Ce module est une ressource pour les enseignants

 

Pourquoi en sait-on si peu sur le genre dans la criminalité organisée ?

 

Vous vous demandez peut-être : pourquoi n’ai-je pas entendu parler du genre et de la criminalité organisée auparavant ? L’une des réponses est que la criminalité organisée est clandestine, cachée et doit le rester afin de réussir. Les acteurs criminels cherchent constamment à protéger leurs activités de la détection par les services de détection et de répression, mais également des concurrents ou de tout autre acteur qui pourrait les découvrir ou les démanteler (voir le Module 5 sur ce sujet). En raison de ces facteurs, les chercheurs n’ont qu’un accès ou une capacité limitée à mener des travaux empiriques sur la criminalité organisée et à comprendre pleinement le rôle du genre dans la criminalité organisée.

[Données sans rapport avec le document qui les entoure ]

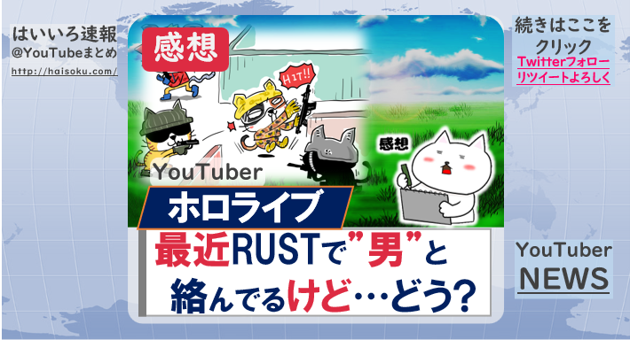 【【感想】ホロライブが、最近RUSTのスト鯖で”男”と絡んでるの見てどう思ってる?】の続きを読む1: はいいろ速報@youtubeまとめ 2023/04/28(金) 04:09:03.88 ID:RuICKCDj0辛い、、、ですよね?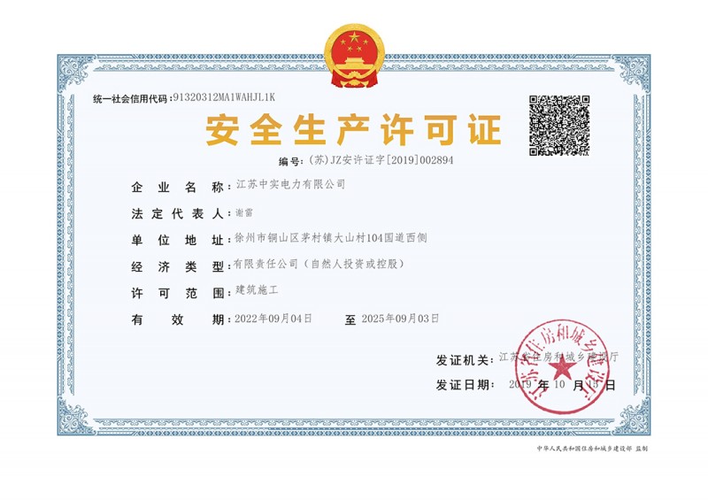 江蘇中實(shí)電力安全生產(chǎn)許可證

Dans ces conditions, il n’est pas surprenant que la recherche empirique et factuelle sur la criminalité organisée soit limitée. La surreprésentation des chercheurs masculins dans la recherche sur la criminalité organisée dans de nombreux pays a également façonné l’agenda. Par exemple, la plupart des études sur la criminalité organisée se concentrent sur les expériences des hommes et ont tendance à étudier leurs rôles de leaders, de chefs ou de patrons (pensez aux nombreux rapports sur El Chapo, Pablo Escobar, Toto Riina, Al Capone ou les nombreux mafieux du passé). Les travaux sur les expériences des hommes effectuant des tâches considérées comme de moindre importance ou vues comme moins charismatiques ou visibles sont beaucoup moins communs, tout comme les expériences des femmes. Lorsque ces travaux existent, les femmes sont dépeintes principalement en fonction de leurs relations avec les hommes – en d’autres termes, principalement comme leurs partenaires romantiques (voir Sanchez, 2016). Les ethnographies qui explorent les expériences et les perspectives des femmes sous un autre angle sont assez limitées. En outre, la perception des activités et des espaces criminels comme dangereux peut également restreindre l’accès accordé aux femmes chercheuses pour étudier les pratiques délictueuses au motif que leur intégrité ou leur sécurité pourrait être en jeu. Cependant, les craintes concernant les risques potentiels auxquels les chercheuses peuvent être confrontées limitent également la participation des femmes à la recherche sur la criminalité organisée ainsi que leurs perspectives sur le sujet, qui dans de nombreux pays reste un domaine typiquement dominé par les hommes.

Il y a aussi bien sûr le rôle joué par les médias dans la façon dont nous pensons au genre. Le grand public apprécie les histoires sur la criminalité organisée, même si elles véhiculent souvent des suppositions stéréotypées sur les personnes qui participent aux marchés criminels. Si bon nombre de ces films, émissions télévisées ou documentaires sont certainement divertissants, il est également important d’être conscient des messages transmis par ces représentations et de trouver des moyens de les aborder de manière critique.

Les contextes politiques et le financement jouent également un rôle dans les sujets qui sont étudiés et dans la manière dont ils sont inclus dans les politiques et la pratique. Un exemple révélateur est la recherche sur les gangs qui repose en grande partie sur des données collectées par les systèmes de justice pénale et en particulier par les enquêtes des services de détection et de répression. Pour ces derniers, les gangs représentent une menace sérieuse pour la sécurité et une priorité absolue en matière de détection et de répression. Les agences du monde entier ont recours à d’importantes ressources humaines et financières pour identifier, cibler et éradiquer l’activité des gangs. Une grande partie de ces efforts a été consacrée à leur identification, à la documentation des formes de violences inter-gangs et à l’élaboration d’initiatives visant à les contrôler et à les démanteler. Au fil des ans, le phénomène des gangs a été principalement compris comme étant masculin et a été étudié comme tel. Face à la violence écrasante qui caractérise souvent le monde des gangs, il est trop facile de ne pas tenir compte des femmes qui sont aussi coincées dans cet environnement dangereux et instable, même si partout dans le monde des femmes participent également à des gangs et en forment (Miller, 2001). Ces facteurs combinés ont fait en sorte que les expériences des femmes avec et au sein des gangs et leurs expériences avec le système de justice pénale sont sous-étudiées.